Saturday 24 March 2012

Life is good....sometimes.


My 5th anniversary of having the stroke, was last Saturday the 17th of March, the day that time stood still for me, and I was a little bit afraid of the day and the date until it came to it, but I can tell you now, that the day came, was seen and was conquered!!


celebrate the fact that I have lived through a stroke. Like a cancer sufferer, the consensus is that once you have passed the great number 5 in years and have survived, you can only look up.


The next day, the 18th of March, a girlfriend (Kristina, the wonderful girl who washed my hair in the rehabilitation hospital!) and I, walked the length of the Sydney Harbour Bridge and back just so I could defy the odds and spit in the eye of fate, and boy, did it feel good!


I have made a huge amount of recovery but there is still a really, long way to go. I think that is to be expected when my family was told, that I would most likely spend the rest of my life in a wheelchair with little or no speech and would probably be better off in a nursing home! Not only did I not go to a nursing home, I have almost lost the limp that I have, my arm is very good and my hand is 'functional'. Those are all pluses in my book!


The doctors and the nursing staff of a rehabilitation facility, have a tried and true way of dealing with the "client" and their families, by telling them the worst possibly outcome and then have those "clients" and families push to ensure that they would not be a statistic but would prove them wrong. This is me to a T!


This past week, I was asked by the head of the OT department, at the Royal Rehabilitation College, if I would be one of the 'patients' that were to be used for showing the electrical stimulation machines and what they could do on a real person. Of course I said 'yes' because they are wonderful to me and need all the help that we can offer them and for once, I could give something back.


I had also been asked to take another woman (who had her stroke 6months before me and who Dr Zeman has taken on), under my wing. I had to show her how to get the bus to Rehab as she has just got on to the pension and has to get to rehab the best way she can, like the rest of us! However, she is much worse in the physical aspects of her recovery than I am but I realise that more than half of her reasons for not being any better are soley because she has relied on other people for the whole time! 


I decided to do both things at once, go to Rehab to help with the Electrical Stim and to help this woman by asking my friends to use her as another helper in the ES. I had to meet her in city of Sydney and show her how to get the bus to rehab and then we had to walk up the hill to Weemala and go to the workshops there and then walk back down the hill again! I was totally bushed by the end of the day and now I know why she isn't any better than she is - she finds every thing too hard - I understand were she is coming from believe me, but it is hard enough for any of us to get around and I for one can't have someone else pulling me down, so, I have to tell it like it is so that the new people will realise that we are all in the same boat.


When I said to her, "you should come down to the swimming pool" (the council one at the leisure centre), and she said "why" and I said, "it will make your leg stronger as you have to push against gravity and in a couple of weeks, you won't know yourself" and she said, "I don't like getting wet"! I was gob smacked! She is like that with everything and I am not going to let her get away with trying to sabotage herself by living up to her image of "poor me"!

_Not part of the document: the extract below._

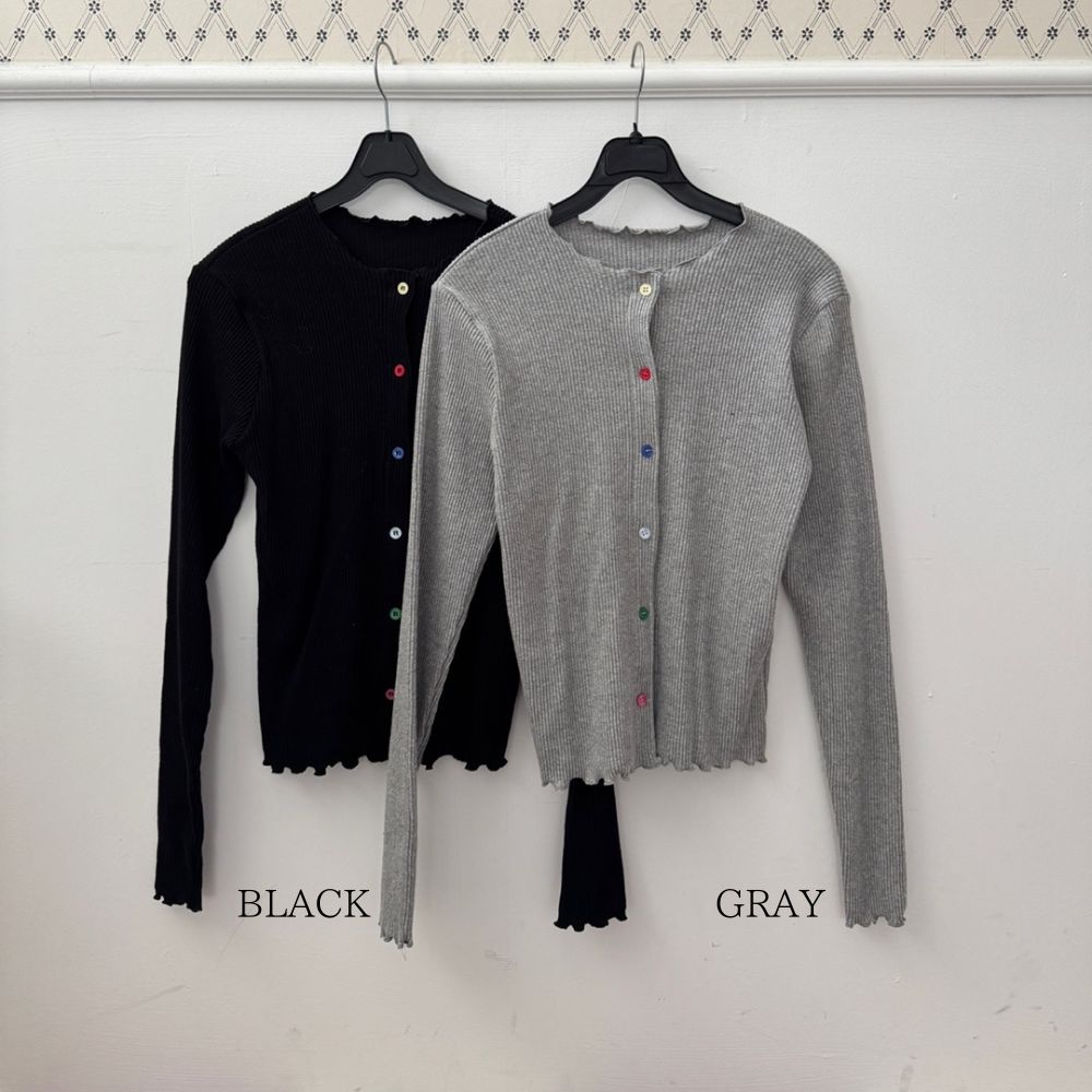 カーディガン 長袖 カラーボタン リブ スリムフィット フロントボタン 羽織 コットン カジュアル 品番:LKT-2508-001 カラーボタン可愛い、リブ編みコットンカーディガン。

When she said "well, my stroke was bigger than yours because the Drs told my husband that I would be probably not get any better, and I might even be in a wheelchair as my walking was so bad", and I said, "Well my friend, I was in the same state as you when I was here at the Royal Rehabilitation Centre Sydney, Dr Zeman thought that I would end up in a nursing home and virtually washed his hands of me when I was discharged! Now look at me, when I come in here, Dr Z comes over to me, we shake hands and have a really good old chat (as you saw today!), he calls me his 'star pupil', and not for nothing! 

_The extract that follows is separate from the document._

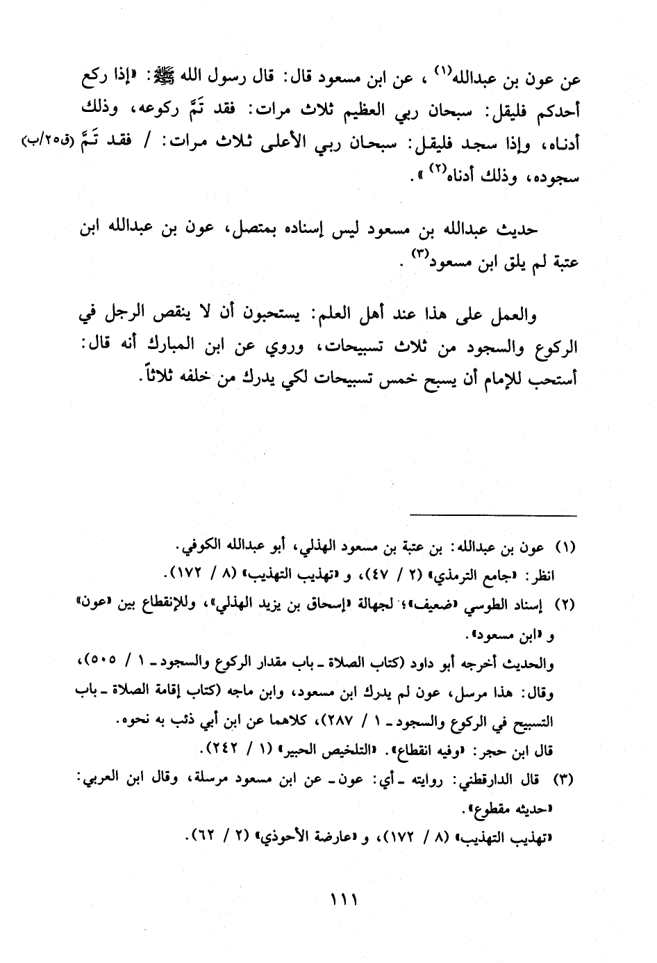عَنْ عَوْنِ بْنِ عَبْدِ اللَّهِ عَنِ ابْنِ مَسْعُودٍ قَالَ قَالَ رَسُولُ اللَّهِ صَلَّى اللَّهُ عَلَيْهِ وَسَلَّمَ إِذَا رَكَعَ أَحَدُكُمْ فَلْيَقُلْ سُبْحَانَ رَبِّيَ الْعَظِيمِ ثَلاثَ مَرَّاتٍ فَقَدْ تَمَّ رُكُوعُهُ وَذَلِكَ أَدْنَاهُ وَإِذَا سَجَدَ فَلْيَقُلْ سُبْحَانَ رَبِّيَ الأَعْلَى ثَلاثَ مَرَّاتٍ فَقَدْ تَمَّ سُجُودُهُ وَذَلِكَ أَدْنَاهُ

"I was as bad, if not worse than you when I had the stroke, because I couldn't talk and you could and can, you can use your right hand and a lot of us were predominantly right handed and we have had to learn to use our left hand, so stop measuring yourself against who is worse than you and who isn't and who has it harder than who. The first thing you will have to realise if you want for me to mentor you is that it is up to YOU not to become a statistic"!!


She was so upset with me that she didn't talk to me for most of the way home - then she must have thought it over because she emailed me the next morning, this is what she wrote - 'I felt I grew so much today by finding out how to get to Rehab by public transport and it was fabulous to meet so many new and lovely people. I had the best day ever..thanks to you…love *******…xxx'.


So, it just goes to show - you can't give up on people!


24.3.12

2 comments:

Christine said...

Well done Wendy - what a favour you have done that woman. Your circumstances mean you can say the things you have that maybe her family don't feel they can say. She is lucky to have "found" you. I can see a great future for you in motivational talks to stroke sufferers if you want it. You are a star and always have been in my eyes. xxxxxxx Love your blog xxxxxxx
And now I have to prove I'm not a robot - for goodness sake - could a robot write this???

A Stroke of Genius said...

Thanks for the comment Christine - I am not sure that she really wants my mentoring anymore because I say the things that I do - the things, that as you said, her family can't say - but it is all in a good cause, a better life for her - and if it helps a tiny bit, it was worth it.